The tall man gave a hint of a smile, pushed his chair back, grabbed his empty beer bottle and walked toward the bar. The woman watched him leave and then turned her look to the raging storm, swirling gusts of powder and ice particles dancing in circles under the hot lights.

“You’re gonna have to make do with lemon peel,” the tall man said, resting the drinks on her side of the table. He sat back down and tilted a sweaty bottle of Heineken in her direction. “Cheers,” he said with a smile and a wink and downed a long swallow from the cold beer.

The woman nodded and sipped her bourbon, the familiar burn in her throat and chest as welcome as an old friend. She sat back and looked across the table at the tall man. He was in his mid-forties and in shape, hard upper body chiseled by daily workouts, his white, button-down J. Crew shirt tight around the arms and neck. His face was tanned and handsome, set off by Greek olive eyes and rich dark hair. His gestures and movements were deliberate, never rushed, his body language calm and free of stress, the habits of a man at ease in his own skin. “What city aren’t you going to tonight?” he asked.
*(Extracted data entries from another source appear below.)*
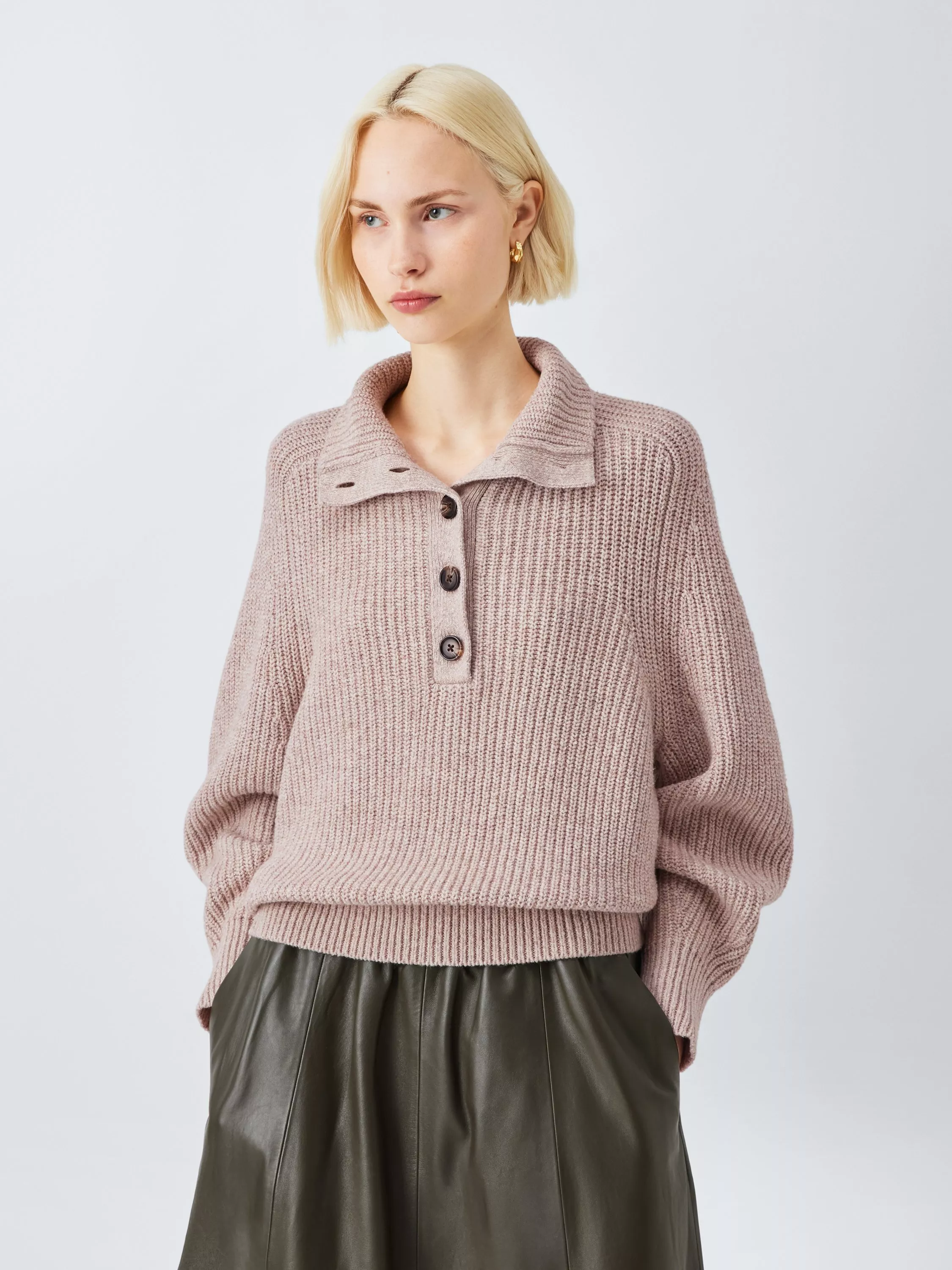 A cosy yet versatile layer. This ribbed knit jumper is made of a soft blend of cotton with luxurious wool, which is naturally temperature regulating. The high neck features five buttons, making it a versatile layer for your transseasonal wardrobe.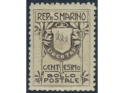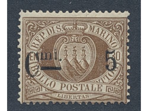 San Marino. Michel 9 ★, 1892 New value overprint 5 c on 30 c brown. EUR 350 San Marino. Michel 9 ★, 1892 New value overprint 5 c on 30 c brown. EUR 350 Show less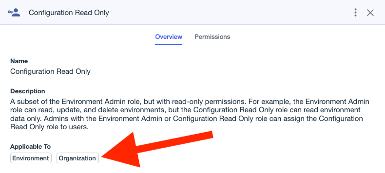 The “Application Owner” role can be scoped to environments and applications. Some roles can also be scoped to organizations.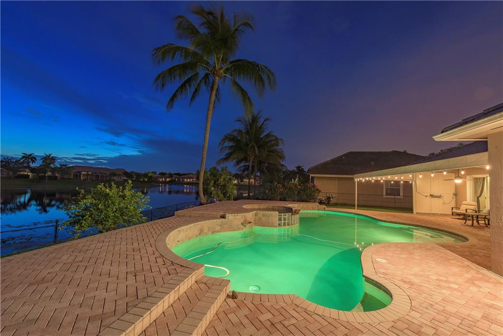 AMAZING WATER / SUNSET VIEWS! 4 Beds, 2.5 Baths Waterfront Pool Home w/Many Upgrades Including Newer Kitchen w/Stainless Steel Appliances, Granite Counters, Custom Cherry Wood Cabinets, Newer Flooring Throughout, All Upgraded Baths, Long Lake Views, Huge Pool & Patio Area Perfect For Entertaining With Awning, Accordion Hurricane Shutters, Fenced-In Yard, Lush Landscaping & Curb Appeal, This Home Is Truly Turnkey, Sit Back & Watch Amazing Sunsets In Your Back Patio Area, Guard Gated Community, Won't Last!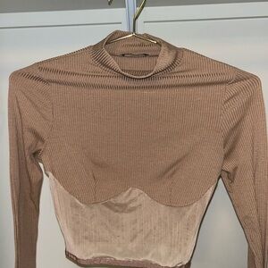 Elevate your style with this chic beige long sleeve mock neck top. Perfect for any occasion, it offers a sleek and sophisticated look.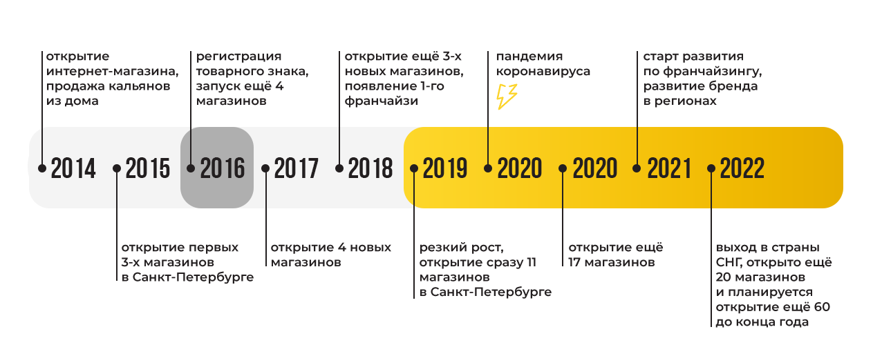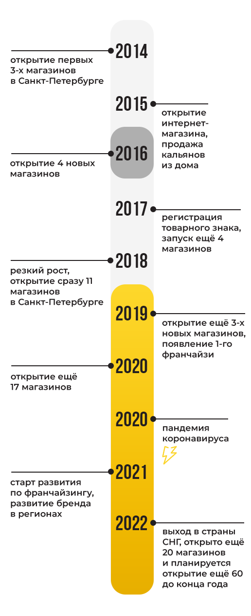 До открытия PiterSmoke у меня были разные проекты в родном городе Оренбург. Но все проекты выходили в ноль, либо с минимальными дивидендами и я чётко понимал, что мне не хватает практического опыта по бухгалтерии, настройки системы учёта, маркетингу и многим другим аспектам. По сути, когда сам пытаешься сделать бизнес без опыта, то ты являешься ремесленником и занимаешься всем начиная от продаж, заканчивая фин.учётом. И конечно такое положение дел меня демотивировало. Поэтому я начал искать франшизы, которые имеют опыт в построении собственной сети и готовы поделится этим опытом. Так как меня давно привлекала кальянная индустрия, то выбор деятельности для меня был очевиден.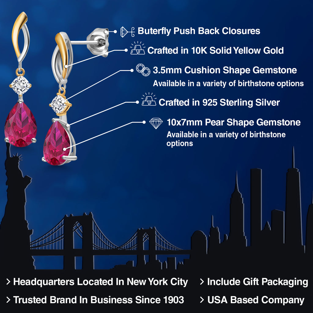 2-Tone Engagement Ring For Women | 925 Silver and 10K Yellow Gold | Gemstone Birthstone | 6MM Cushion Cut | Wedding Anniversary Promise Ring | Available In Size 5, 6, 7, 8, 9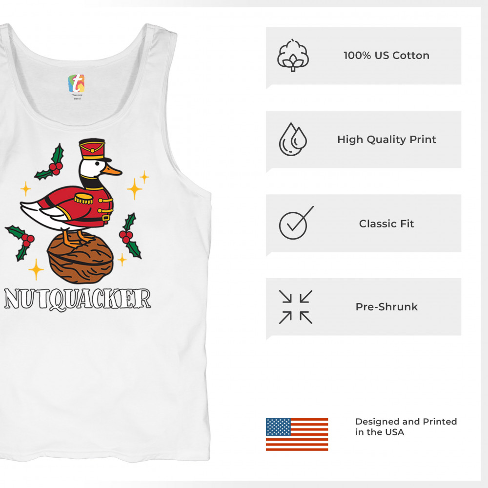 Funny Nutquacker Christmas design featuring a festive duck, holiday humor, and seasonal charm. Great for parties, gifts, and cheerful holiday style.
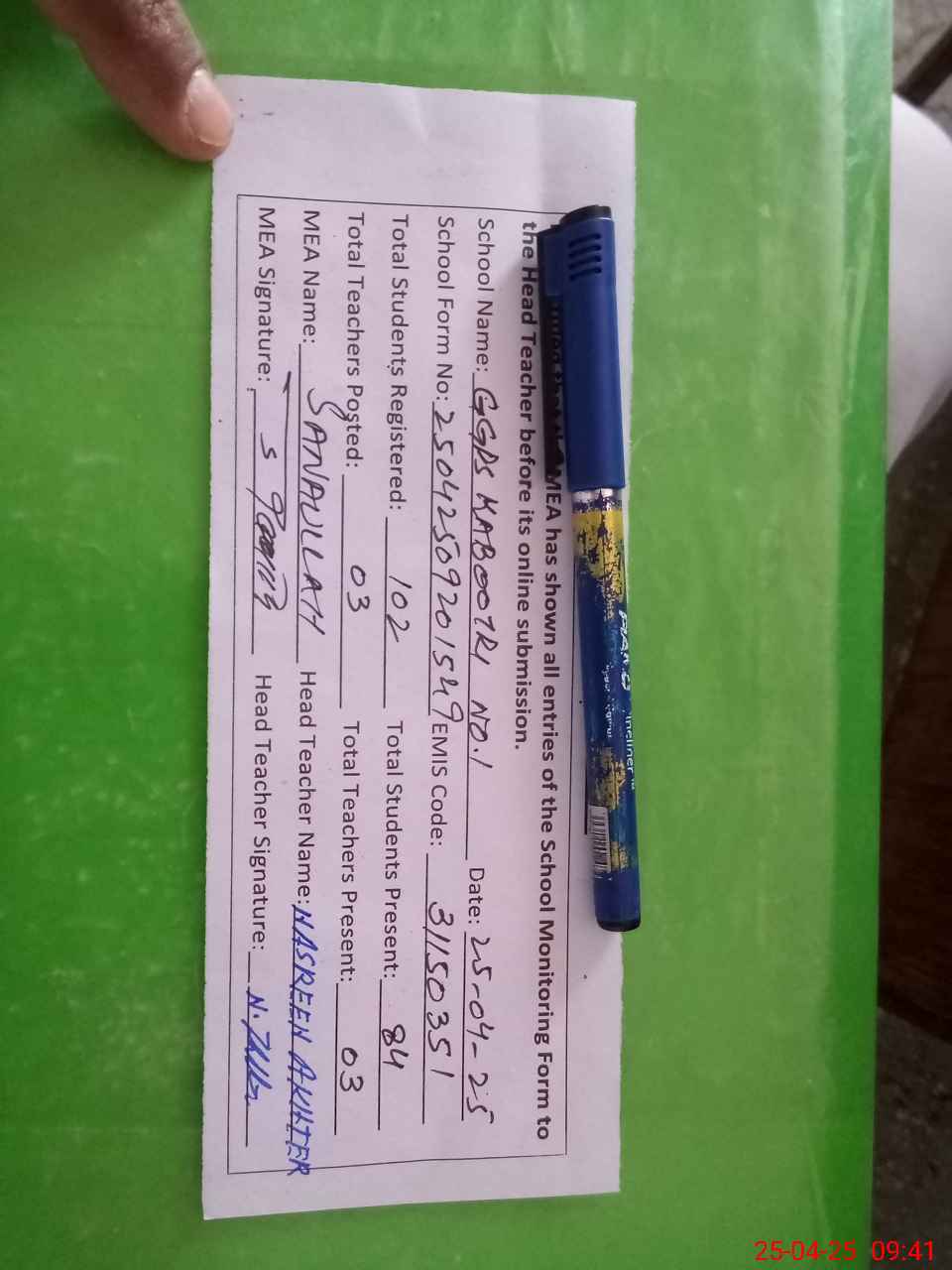 | EMIS Code: 31150351 | Name of School: GGPS KABOOTRI NO. 1 | |||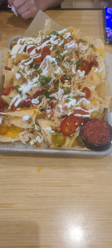 I walked in to the female manager repremanding the clealy new host in front of customers. ALL THE SERVERS SEEM MISERABLE HERE. Nacho chips are stale and gross Onvrn is broken and everything I want needs the oven :( Buffalo wrap had good flavor but the chicken was so over fried and hard I hurt my tooth! French fries were good Black cherry limeade was good BUT 3.19 no refill Oh hahaha and they switch the TV to Jeopardy in the middle of a game WTF?
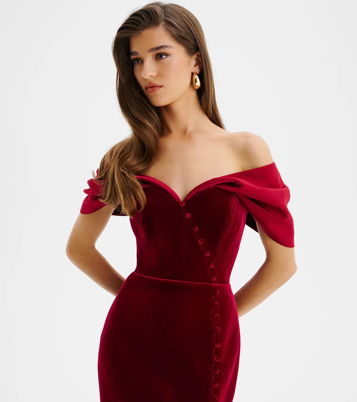SOFIE Off Shoulder Pleated Obi Belted Jumpsuit in Red
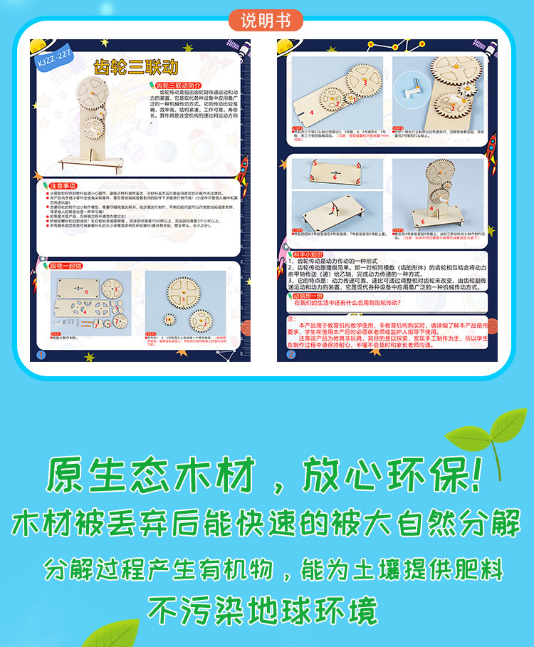 국경 간 기계 나무 장난감 DIY 기어 트리플 링키지 기술 소규모 생산 교육용 어린이 장난감 창작 공예스토어 가기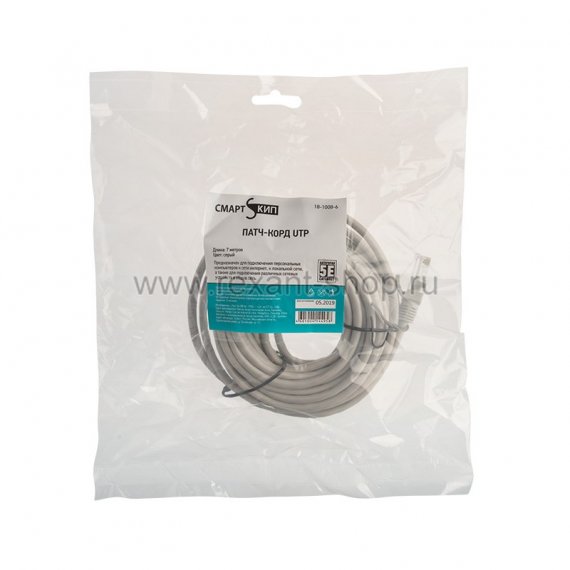 Пaтч-корд UTP кат. 5e, длина 7 метров, неэкранированный, серый (CCA) СМАРТКИП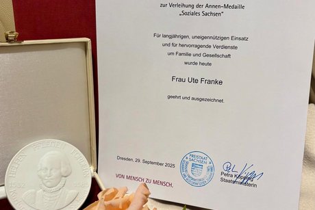 Für ihren „langjährigen, uneigennützigen Einsatz und für hervorragende Verdienste um Familie und Gesellschaft“, so Sachsens Sozialministerin Petra Köpping, wurde Ute Franke am 29. September 2025 im Festsaal von Schloss Albrechtsberg die Annen-Medaille verliehen. Diese Medaille aus Meißner Porzellan wird seit 30 Jahren von der Sächsischen Staatsregierung zum Andenken an die wohltätige Kurfürstin »Anna von Sachsen« (1532–1585) gestiftet.

“ Los Angeles,” the woman said, glancing down at the silver Tiffany watch latched around her thin wrist. “If the skies were clear, would have been in LAX twenty minutes ago.”

“What’s there?” he asked.

“Warm weather, palm trees, movie stars and an ocean you can swim in,” the woman said.

“What’s there for you?” he asked, leaning closer toward her, the beer bottle still in his right hand.

“All of that,” she said. “Plus a home where I can walk to the beach, a car that loves winding hills and two cats that are always happy to see me.”

“The beach, a car and two cats,” the man said. “That usually means no kids and no husband.”

“You can’t have everything,” the woman said.

“That depends on what you want everything to be,” the man said.

“What’s it for you?” the woman asked.

The man sipped his beer and shrugged. “This, right now,” the man said. “Having a beer, sitting across from a beautiful woman in an empty airport. Being in the moment and enjoying it. Not having to huddle in a corner and burn out a cell phone battery to say goodnight to kids I never see enough to make a dent or listen to a wife complain about something I never even knew was a problem and could care less that it is. No mortgage, no bills, no worries. Live the way I travel. Light.”

“You need money to live like that,” the woman said. “And either a job or a rich father to hand it over. Which belongs to you?”

“If I’m going to open my heart, it’d be nice to know who it’s going to,” the man said, revealing a handsome smile.